The Committee excludes Syria's main Kurdish party, the Democratic Union Party (PYD), as well as other opposition figures, and it has faced pressure to broaden its delegation, or participate alongside a second opposition delegation.
Lavrov warned that the talks would fail if the PYD was excluded, but Turkey has pushed back against the party's involvement.
- Checkpoint blasts kill 29 -
"We are categorically against the YPG and PYD sitting at the table," Prime Minister Ahmet Davutoglu said Tuesday.
Ankara considers the PYD and its military wing the People's Protection Units (YPG) to be offshoots of the outlawed Kurdistan Workers' Party, which has waged a bloody insurgency in the mainly Kurdish southeast of Turkey since 1984.
The wrangling over who will attend the latest round of talks has delayed the negotiations, which were originally scheduled to start Monday.

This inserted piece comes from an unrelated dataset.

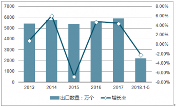2018年1-5月中國出口微波爐2230萬個(gè),同比下降2.2%;縱觀近五年中國微波爐出口數(shù)量情況,年均復(fù)合增長率為0.78%。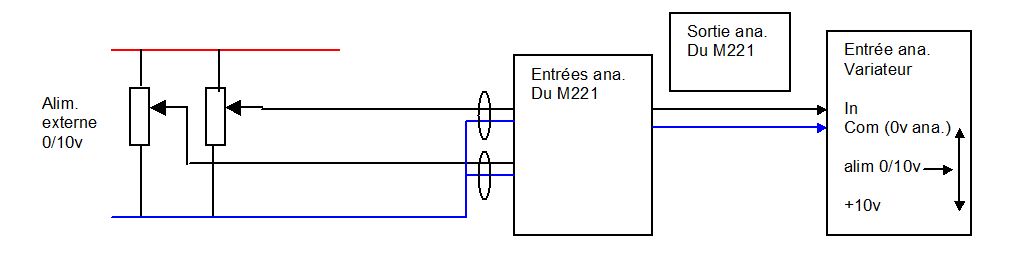 Je suis bien d’’accord, dans le doute je vais mettre un relais entre le M221 et les entrées logique comme cela j’utilise l’alim interne des variateurs et l’alim 0/10v autonome pour l’ana.

Instead, the UN's envoy on Syria Staffan de Mistura sent out invitations to the talks on Tuesday, his office said, with the talks to begin on Friday.
But he has refused to be drawn on who will be invited, and the HNC was meeting Tuesday in Riyadh to decide whether it will attend, after threatening to boycott if other opposition figures were invited.
The coalition has also said it cannot attend talks without action to end civilian deaths in government and Russian air strikes as well as regime sieges.
More than 260,000 people have been killed in Syria's war, and more than half the country's population displaced internally and abroad.
The conflict has become a complex multi-front battle, involving the regime, rebels, Kurds, and jihadists like the Islamic State group.
IS on Tuesday claimed responsibility for a double suicide bombing that killed at least 29 people in the regime-held central city of Homs, according to the Syrian Observatory for Human Rights monitoring group.
Syrian state television put the toll at 22 dead.
The twin blasts hit an army checkpoint in the Al-Zahraa neighbourhood, which has been targeted multiple times in the past in bomb blasts.
The district is home mostly to residents from the Alawite minority to which President Bashar al-Assad belongs.